(Data block Opens)

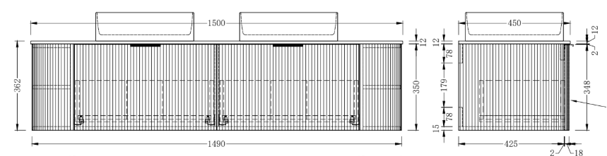 Adair Curved Fluted Wall Hung Vanity - Walnut Wood | 1500mm x 450mm is backordered and will ship as soon as it is back in stock.
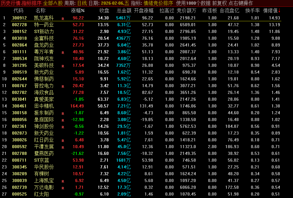 • 时间窗口:每日9:25集合竞价结束后,刷新排序界面。
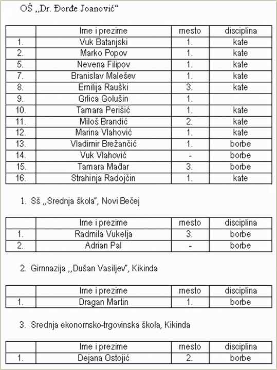 Iz našeg kluba su se takmičili sledeći takmičari:

(Data block Closes)

Recreate the listing above word for word, dropping each picture it contains.

-- Answer section --
 Adair Curved Fluted Wall Hung Vanity - Walnut Wood | 1500mm x 450mm is backordered and will ship as soon as it is back in stock.
 • 时间窗口:每日9:25集合竞价结束后,刷新排序界面。
 Iz našeg kluba su se takmičili sledeći takmičari:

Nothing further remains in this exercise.